WORK REQUEST
Both the line below containing "Golden on the" and the line containing "What are the", along with every line between them, should be repeated exactly; no other line belongs in the answer.

SOURCE MATERIAL
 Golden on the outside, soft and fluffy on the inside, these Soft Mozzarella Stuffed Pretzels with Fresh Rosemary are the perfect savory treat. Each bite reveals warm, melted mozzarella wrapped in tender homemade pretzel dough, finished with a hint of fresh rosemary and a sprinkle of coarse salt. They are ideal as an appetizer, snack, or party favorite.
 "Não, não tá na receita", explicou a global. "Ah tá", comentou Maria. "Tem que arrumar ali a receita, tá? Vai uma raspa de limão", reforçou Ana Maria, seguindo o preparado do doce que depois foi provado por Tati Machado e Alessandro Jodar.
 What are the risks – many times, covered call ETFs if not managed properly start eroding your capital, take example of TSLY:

...

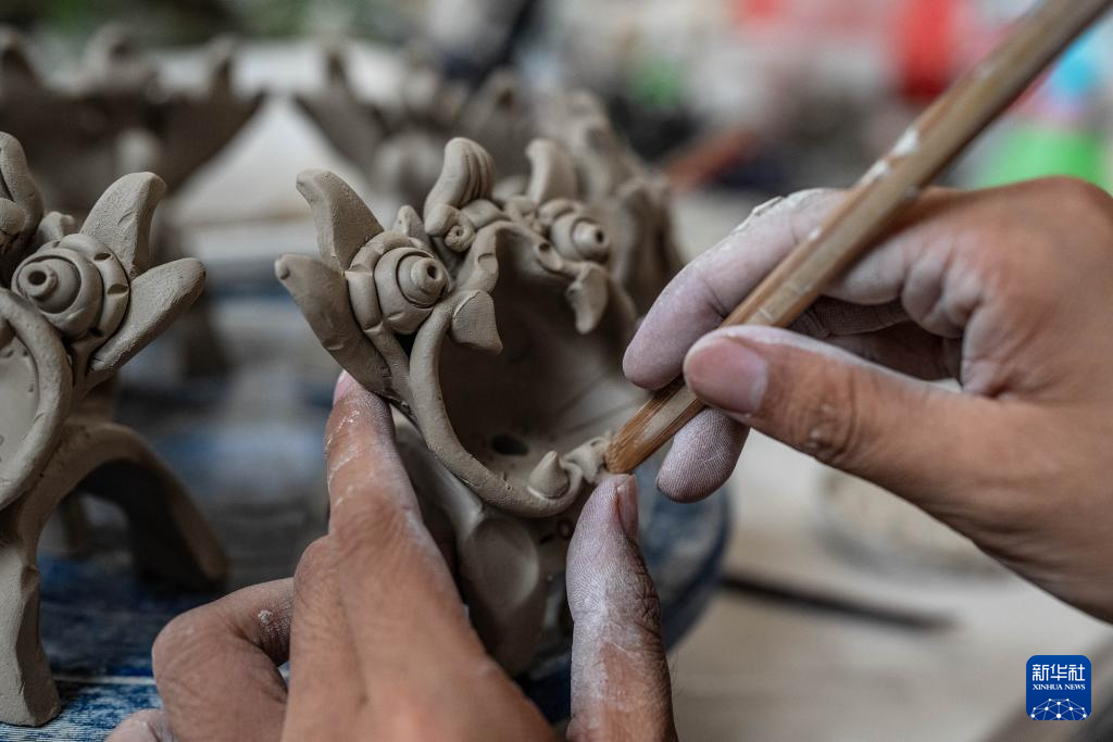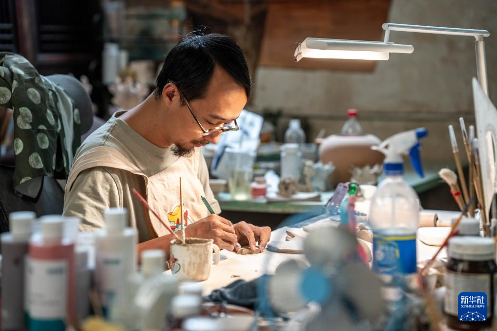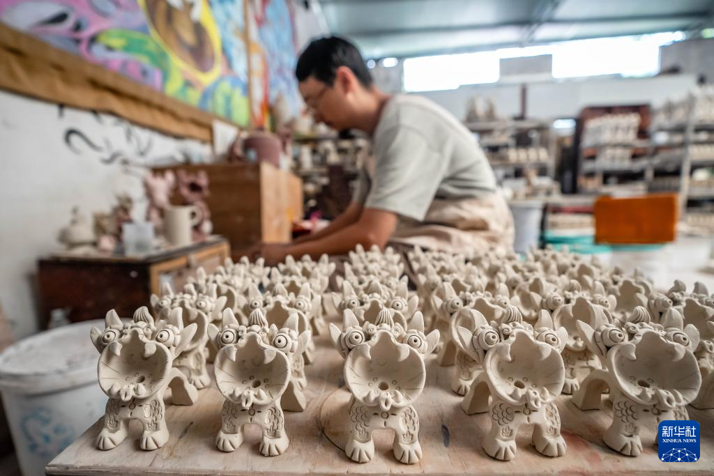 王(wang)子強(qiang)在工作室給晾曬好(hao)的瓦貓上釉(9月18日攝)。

FINISHED TASK
 Golden on the outside, soft and fluffy on the inside, these Soft Mozzarella Stuffed Pretzels with Fresh Rosemary are the perfect savory treat. Each bite reveals warm, melted mozzarella wrapped in tender homemade pretzel dough, finished with a hint of fresh rosemary and a sprinkle of coarse salt. They are ideal as an appetizer, snack, or party favorite.
 "Não, não tá na receita", explicou a global. "Ah tá", comentou Maria. "Tem que arrumar ali a receita, tá? Vai uma raspa de limão", reforçou Ana Maria, seguindo o preparado do doce que depois foi provado por Tati Machado e Alessandro Jodar.
 What are the risks – many times, covered call ETFs if not managed properly start eroding your capital, take example of TSLY:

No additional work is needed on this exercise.